§ **Problem to work on**: Leaving the pictures aside, transcribe the data below exactly.

§ **Raw data**:
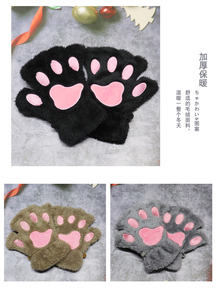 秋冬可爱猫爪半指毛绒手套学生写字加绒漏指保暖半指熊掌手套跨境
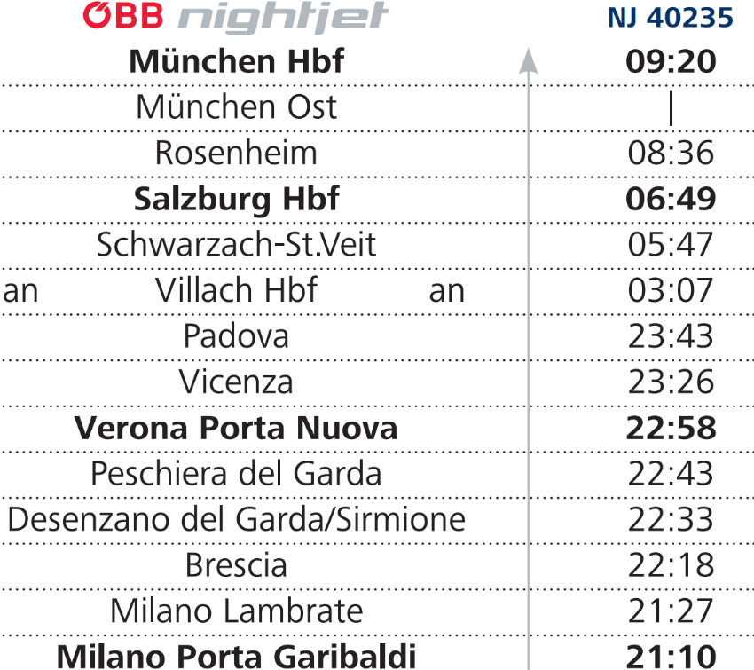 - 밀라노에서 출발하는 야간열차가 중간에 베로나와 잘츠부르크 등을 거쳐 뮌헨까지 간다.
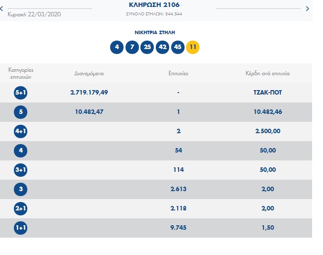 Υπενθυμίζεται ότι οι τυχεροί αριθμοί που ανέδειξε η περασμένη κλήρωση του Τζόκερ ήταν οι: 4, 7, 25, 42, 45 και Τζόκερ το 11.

§ **Solved exercise**:
 秋冬可爱猫爪半指毛绒手套学生写字加绒漏指保暖半指熊掌手套跨境
 - 밀라노에서 출발하는 야간열차가 중간에 베로나와 잘츠부르크 등을 거쳐 뮌헨까지 간다.
 Υπενθυμίζεται ότι οι τυχεροί αριθμοί που ανέδειξε η περασμένη κλήρωση του Τζόκερ ήταν οι: 4, 7, 25, 42, 45 και Τζόκερ το 11.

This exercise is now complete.